**Exercise instructions**
Below this line is a set of entries; quote exactly the lines from the line that contains "FIGURA 1. Registros" to the line that contains "no corresponde con", both lines included.

**Data listing**
════════

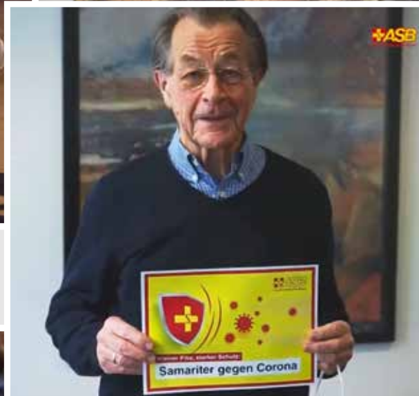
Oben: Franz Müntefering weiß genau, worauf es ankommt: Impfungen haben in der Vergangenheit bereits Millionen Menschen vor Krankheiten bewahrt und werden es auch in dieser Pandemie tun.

════════

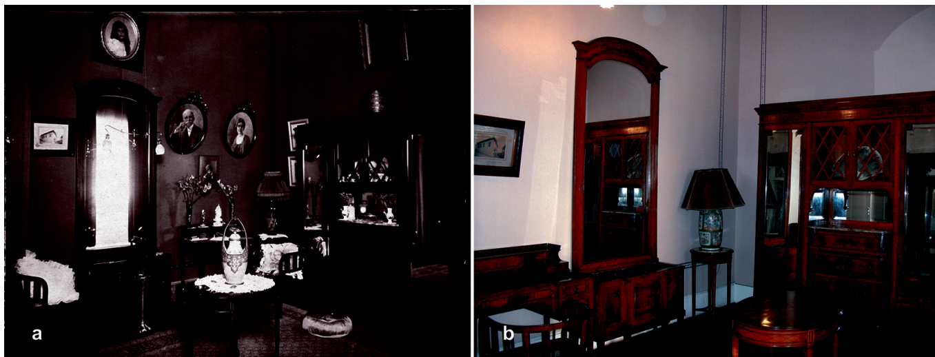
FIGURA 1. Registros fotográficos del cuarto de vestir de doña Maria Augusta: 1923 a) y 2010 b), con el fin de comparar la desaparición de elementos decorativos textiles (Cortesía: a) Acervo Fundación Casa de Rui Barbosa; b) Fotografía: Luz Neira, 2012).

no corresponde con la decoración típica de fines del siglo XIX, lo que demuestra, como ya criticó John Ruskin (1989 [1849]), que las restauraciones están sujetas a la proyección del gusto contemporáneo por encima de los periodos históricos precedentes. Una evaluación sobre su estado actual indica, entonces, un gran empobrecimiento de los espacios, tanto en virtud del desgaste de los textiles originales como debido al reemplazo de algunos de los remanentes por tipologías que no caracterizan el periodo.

════════

**Task response**
FIGURA 1. Registros fotográficos del cuarto de vestir de doña Maria Augusta: 1923 a) y 2010 b), con el fin de comparar la desaparición de elementos decorativos textiles (Cortesía: a) Acervo Fundación Casa de Rui Barbosa; b) Fotografía: Luz Neira, 2012).

no corresponde con la decoración típica de fines del siglo XIX, lo que demuestra, como ya criticó John Ruskin (1989 [1849]), que las restauraciones están sujetas a la proyección del gusto contemporáneo por encima de los periodos históricos precedentes. Una evaluación sobre su estado actual indica, entonces, un gran empobrecimiento de los espacios, tanto en virtud del desgaste de los textiles originales como debido al reemplazo de algunos de los remanentes por tipologías que no caracterizan el periodo.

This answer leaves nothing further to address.